A nonprofit working to defend online freedom
Fight for the Future
ORGANIZATION SUMMARYFight for the Future has led the charge in asserting that people have a right to a free and open internet.
Fight for the Future Overview ‧ read
But fightfortheftr, as its name is sometimes styled, isn’t all bark and no bite. The organization gets things done. The group’s internet blackout campaign, which was the biggest online protest ever, proved instrumental in the defeat of two Congress bills targeting internet privacy and freedom.

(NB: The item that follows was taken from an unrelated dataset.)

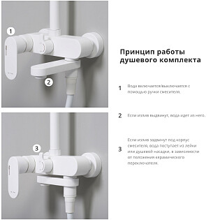 Душевой комплект со смесителем для ванны с душем белый Stworki "Эстерсунд" ES-09w ES-03w

If you’re going to get involved with online activism, check out Fight for the Future. Here’s our profile with everything you need to know.

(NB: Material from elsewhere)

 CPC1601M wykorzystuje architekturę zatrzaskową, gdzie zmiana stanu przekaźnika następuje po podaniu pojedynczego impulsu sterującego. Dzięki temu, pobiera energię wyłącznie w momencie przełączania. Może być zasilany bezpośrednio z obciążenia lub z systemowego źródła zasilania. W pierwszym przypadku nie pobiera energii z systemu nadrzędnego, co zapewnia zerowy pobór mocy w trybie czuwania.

The fight for a free internet began in 2011
Fight for the Future’s goal is to “build tech-enhanced campaigns that resonate with millions of people, enabling them to consolidate their power and win historic changes thought to be impossible.” It’s a nonprofit organization based in Massachusetts, USA.
Mobilizing the internet with cat signals
FFTF has since spawned many internet-defense initiatives. The Internet Defense League vowed to mobilize internet users against online censorship, launching with a (very cute) Batman-inspired cat signal in 2012. The Fight for the Future Education Fund aims to educate people on how they can use technology to defend their rights.
Who’s fighting for the future of the internet?
As a nonprofit, FFTF relies on donations from individuals and companies to stay running. Its financial supporters include the Consumer Electronics Association, DuckDuckGo, Credo, and ExpressVPN.
An internet blackout on censorship
FFTF first made waves in 2012 when it rallied websites and internet users to protest against two dangerous U.S. Congress bills threatening freedom of speech on the internet: the Stop Online Piracy Act (SOPA) and the Protect IP Act (PIPA).
To fight the bills, Fight for the Future organized an internet blackout, which took place on January 18, 2012. It was the biggest online protest in history. Ten million people signed the petition and over eight million of them attempted to phone Congress. For the blackout itself, more than 115,000 websites blocked their content to simulate an internet damaged by censorship. Many of the world’s biggest websites took part, including Google, Wikipedia, and Reddit. As a result, almost a billion people were blocked on the internet for the day.
The campaign was a success. Neither SOPA or PIPA was passed into law.
Pressing the “reset” button on privacy: #ResetTheNet
The NSA is “twisting the internet we love into something it was never meant to be,” said FFTF’s Reset the Net campaign. “We can't stop targeted attacks, but we *can* stop mass surveillance, by building proven security into the everyday internet.”
The campaign involved thousands of websites, people, and apps. The aim was to change the way people used the internet by issuing a Privacy Pack of proven security tools. Then, on June 5, 2014, everyone would “reset the net” by using these tools to make their internet more secure—and a new era of online privacy would begin.
Reset the Net was championed by Google, Reddit, Twitter, and other big sites. The Privacy Pack, created with the assistance of the Electronic Frontier Foundation (EFF), remains a valuable resource to this day.
The internet slowdown to protect net neutrality
In the U.S., the Federal Communications Commission (FCC) protects net neutrality with a law called the Communications Act, which demands that ISPs transmit all websites at the same speed.
But in 2012, big American ISPs like AT&T, Comcast, and Verizon tried to change the law so they could introduce internet “slow lanes” for internet subscribers unwilling to pay fees for faster speeds.
Fight for the Future retaliated with the Internet Slowdown, another mass protest that showed what the internet would be like without net neutrality. More than two million people took action on September 10, 2014. Websites such as Netflix, Etsy, Kickstarter, and Urban Dictionary participated by displaying alerts with the “loading” symbol (aka the “spinning wheel of death”) to symbolize using the internet in a “slow lane.” These alerts encouraged users to contact the FCC, Congress, and the White House.
It worked. As of 2016, net neutrality is still safe.
The battle rocks on
Fight for the Future’s high-profile campaigns are just the tip of the iceberg. The organization has done an incredible amount of work to protect the internet in recent years.
Without free speech online, many important voices would be silenced. We’d have a lot less fun on the internet, too.
Hopefully, the closest we’ll ever come to a censored internet is one of Fight for the Future’s viral blackout protests.